» **What you should do**: Where the line containing "Salotto da giardino, in" appears below, begin there and reproduce each line exactly through the last one, omitting pictures.

» **Information supplied**:
──────

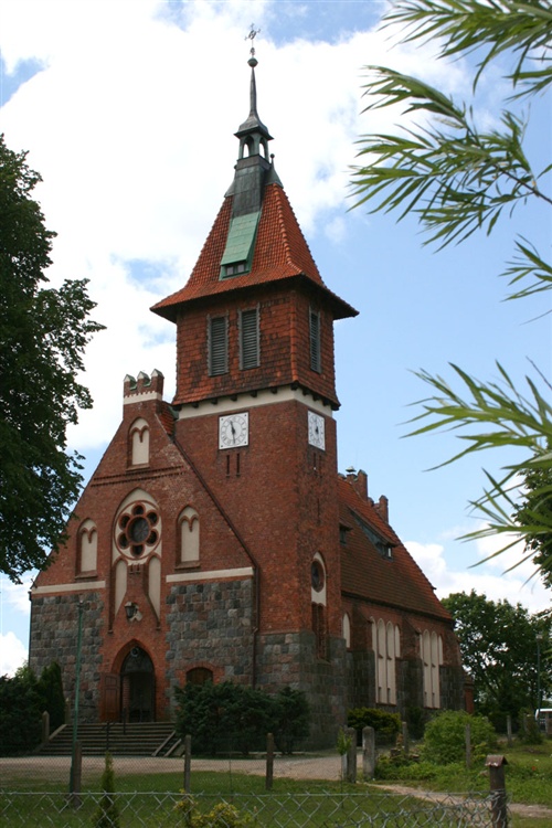 Kościół ewangelicki zbudowany pod patronatem cesarzowej Wiktorii Augusty w 1901 r. w stylu neogotyckim. Odrestaurowany ze zniszczeń wojennych przez proboszcza lokalnej wspólnoty katolickiej ks. Gerarda Borysa i poświęcony w 1990 r. służy jako świątynia filialna.
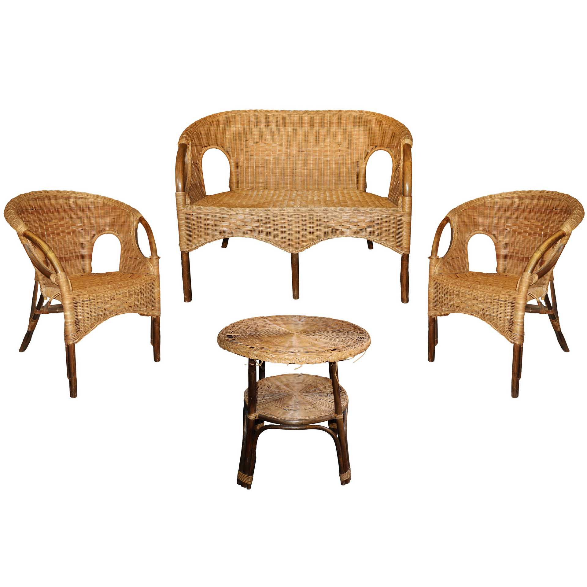 Salotto da giardino, in rattan e midollino composta due poltrone , divano e tavolinetto
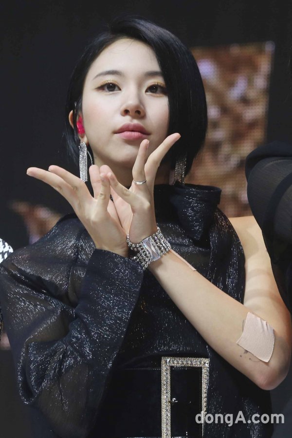 그룹 트와이스의 채영이 23일 오후 서울 광진구 예스24라이브홀에서 열린 미니 8집 앨범 \'필 스페셜\' 발매 쇼케이스에서 포토타임을 하고 있다.
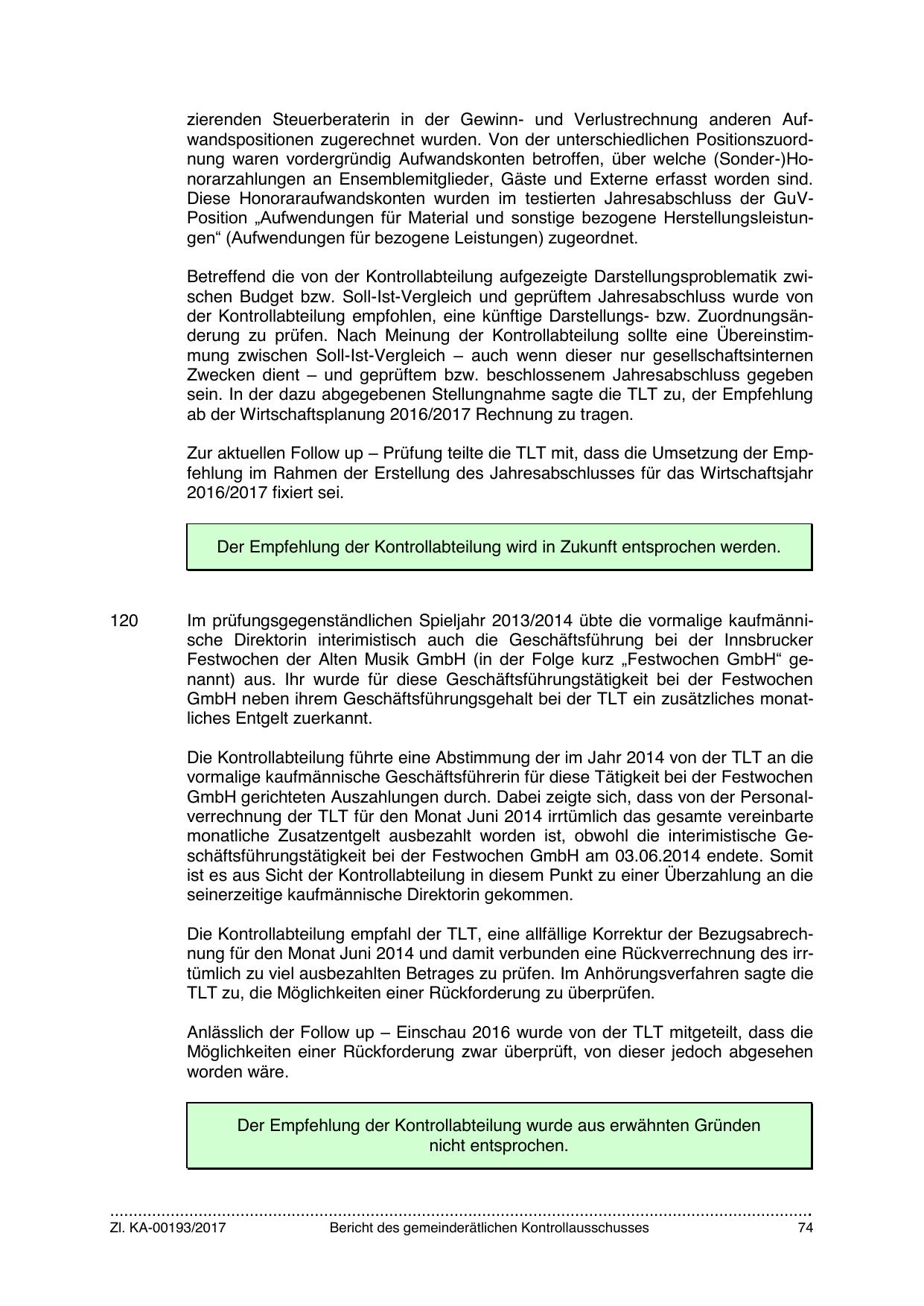 Im prüfungsgegenständlichen Spieljahr 2013/2014 übte die vormalige kaufmännische Direktorin interimistisch auch die Geschäftsführung bei der Innsbrucker

──────

» **Answer box**:
 Salotto da giardino, in rattan e midollino composta due poltrone , divano e tavolinetto
 그룹 트와이스의 채영이 23일 오후 서울 광진구 예스24라이브홀에서 열린 미니 8집 앨범 \'필 스페셜\' 발매 쇼케이스에서 포토타임을 하고 있다.
 Im prüfungsgegenständlichen Spieljahr 2013/2014 übte die vormalige kaufmännische Direktorin interimistisch auch die Geschäftsführung bei der Innsbrucker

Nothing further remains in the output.